Chinese man pleads guilty in $100m software scam

Pirated software sold in China
Image caption Pirated software is easily found in China

A Chinese man has pleaded guilty to selling pirated US business software worth more than $100m (£62m).

The software, stolen from 200 manufacturers, was sold in 2008-2011 for a fraction of their High Street prices, US prosecutors said.

Xiang Li was arrested in June 2011 in Saipan during an undercover sting operation.

He has pleaded guilty to conspiracy to commit criminal copyright violations and wire fraud.

"I want to tell the court that what I did was wrong and illegal and I want to say I'm sorry," Mr Li told district judge Leonard Stark, although he disputed the retail value of the software he stole and sold.

Mr Li, from China's Chengdu province, targeted software from big manufacturers including Microsoft, Oracle, SAP and Rockwell Automation before selling them on to 325 buyers, including a Nasa engineer as well as military contractors.

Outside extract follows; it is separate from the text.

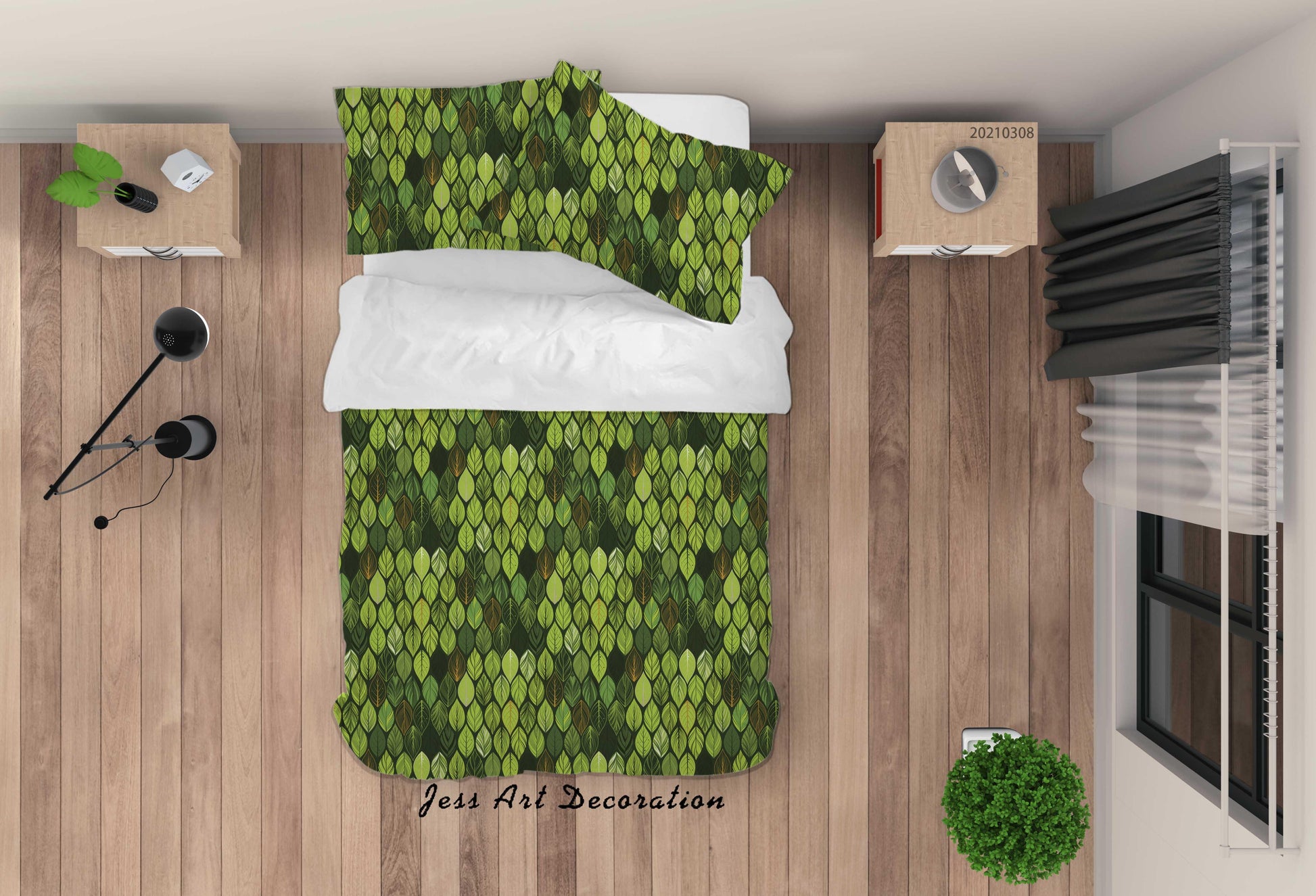 3D Abstract Green Leaf Quilt Cover Set Bedding Set Duvet Cover Pillowcases 261

The black market buyers extended from 28 US states to more than 60 countries.

Cheap sales

The businessman searched for hacked software on internet forums before advertising them for sale on his websites which offered more than 2,000 pirated titles, prosecutors said.

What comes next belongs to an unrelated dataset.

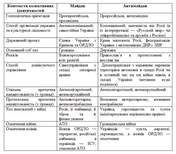 Водночас цінності Антимайдану не досліджені і не описані. Цінності Антимайдану традиційно протиставляються цінностям Майдану. Але в чому суть цього протиставлення, в системному вигляді зрозуміти важко.

The pirated programmes were then allegedly transferred to customers via Gmail, and Mr Li and a second suspect collected payment through money transfer services.

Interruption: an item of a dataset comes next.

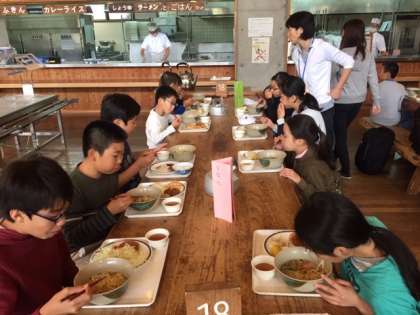 晩ごはんは、野外炊事でカレーを作るのでラーメンを選んでいる子たちが多いようです。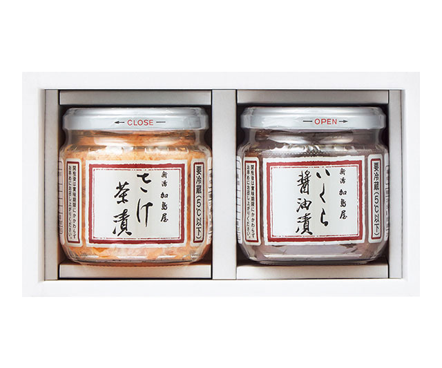 〈加島屋〉は信濃川や阿賀野川で獲れる鮭や鱒などの塩干物を商う店として、安政2年(1855年)創業。以来、素材を吟味し、昔ながらの製法で、新潟の風土と食文化に育まれた郷土の味をつくり続けています。深い旨みとコクが口に広がる「いくら醤油漬」など、丹精込めた美味をご賞味ください。

The pirated software was said to be sold for as little as $20 to up to $1,200 - with the retail value of the products were much higher, ranging from several hundred dollars to more than one million dollars apiece, according to US officials.

The scam came to light after a US manufacturer discovered his company's software was being sold on Mr Li's website, and notified authorities.

Mr Li was eventually arrested by US agents after an 18-month undercover operation.

His lawyer, Mingli Chen, said: "He was pretty proud of himself. He did not realise it was such a big crime."

Last year US prosecutors charged seven people, including Megaupload founder Kim Dotcom, with racketeering and copyright violations for running a site that sold an estimated $500m worth of pirated entertainment software including movies and TV programmes.

Mr Dotcom is contesting the charges against him and other Megaupload executives alleging that much of the operation against him was unlawful.